The Federal Funding Accountability and Transparency Act of 2006 (Transparency Act), includes a requirement for awardees of Federal grants to report information about first-tier subawards and executive compensation under Federal assistance awards issued in FY2011 or later. All awardees of applicable NIH grants and cooperative agreements are required to report to the Federal Subaward Reporting System (FSRS) available at www.fsrs.gov on all subawards over $25,000. See the NIH Grants Policy Statement for additional information on this reporting requirement.

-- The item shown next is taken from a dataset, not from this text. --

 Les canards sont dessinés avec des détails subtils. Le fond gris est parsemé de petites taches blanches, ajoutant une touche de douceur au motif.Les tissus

In accordance with the regulatory requirements provided at 45 CFR 75.113 and Appendix XII to 45 CFR Part 75, recipients that have currently active Federal grants, cooperative agreements, and procurement contracts from all Federal awarding agencies with a cumulative total value greater than $10,000,000 for any period of time during the period of performance of a Federal award, must report and maintain the currency of information reported in the System for Award Management (SAM) about civil, criminal, and administrative proceedings in connection with the award or performance of a Federal award that reached final disposition within the most recent five-year period. The recipient must also make semiannual disclosures regarding such proceedings. Proceedings information will be made publicly available in the designated integrity and performance system (currently FAPIIS). This is a statutory requirement under section 872 of Public Law 110-417, as amended (41 U.S.C. 2313). As required by section 3010 of Public Law 111-212, all information posted in the designated integrity and performance system on or after April 15, 2011, except past performance reviews required for Federal procurement contracts, will be publicly available. Full reporting requirements and procedures are found in Appendix XII to 45 CFR Part 75 Award Term and Conditions for Recipient Integrity and Performance Matters.

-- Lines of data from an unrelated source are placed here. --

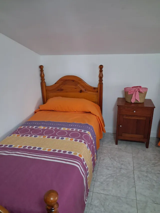 Cama individual y mesita de noche de madera.
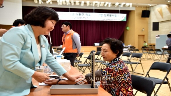 지난 20일 서울 노원구는 구청 대강당에서 상계백병원, 원자력병원, 을지병원 등 지역내 의료기관 6곳과 함께 의료 취약계층을 대상으로 '연합 진료봉사'를 실시했다. 사진은 의료진이 노인의 혈압을 재고 있는 모습.(사진제공=노원구청)
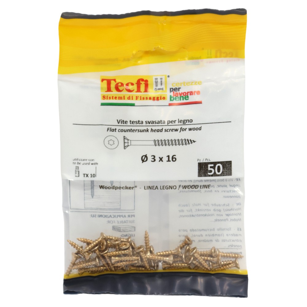 Vida druri koke trox e verdhe, Ø3x16mm , Bag 50

We encourage inquiries concerning this funding opportunity
and welcome the opportunity to answer questions from potential applicants.

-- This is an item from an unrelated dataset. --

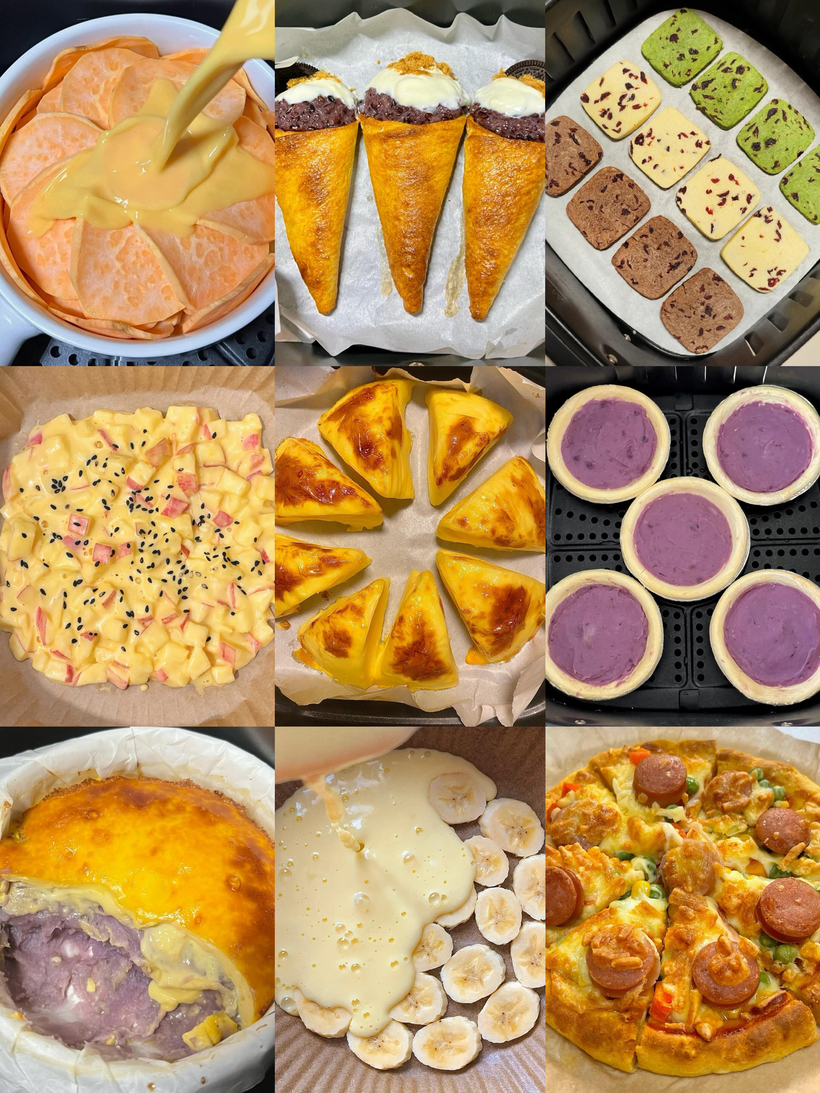 家有空气炸锅的注意啦!别再只会用它炸薯条、烤鸡翅啦。今天给大家解锁9款“空气炸锅专属甜品”,从软糯香甜的红薯烤蛋奶,到少女心爆棚的芋泥蛋挞,再到创意满分的馒头披萨,每一款都简单到“扔进炸锅等出锅”,零失败还低卡,吃完嘴巴甜甜,心里暖暖。

eRA Service Desk (Questions regarding ASSIST, eRA Commons, application errors and warnings, documenting system problems that threaten submission by the due date, and post-submission issues)
Finding Help Online: http://grants.nih.gov/support/ (preferred
method of contact)
Telephone: 301-402-7469 or 866-504-9552 (Toll Free)
General Grants Information
(Questions regarding application instructions, application processes, and NIH
grant resources)
Email: GrantsInfo@nih.gov (preferred
method of contact)
Telephone: 301-945-7573
Grants.gov Customer Support (Questions regarding
Grants.gov registration and Workspace)
Contact Center Telephone: 800-518-4726
Email: support@grants.gov
Nina B. Silverberg, Ph.D.
National Institute on Aging (NIA)
Telephone: 301-496-9350
Email: silverbergn@mail.nih.gov
Ramesh Vemuri, Ph.D.
National Institute on Aging (NIA)
Telephone: 301-496-9666
Email: ramesh.vemuri@nih.gov
Jennifer Edwards
National Institute on Aging (NIA)
Telephone: 301-827-6689
Email: edwardsj@mail.nih.gov
Recently issued trans-NIH policy notices may affect your application submission. A full list of policy notices published by NIH is provided in the NIH Guide for Grants and Contracts. All awards are subject to the terms and conditions, cost principles, and other considerations described in the NIH Grants Policy Statement.
Awards are made under the authorization of Sections 301 and 405 of the Public Health Service Act as amended (42 USC 241 and 284) and under Federal Regulations 42 CFR Part 52 and 45 CFR Part 75.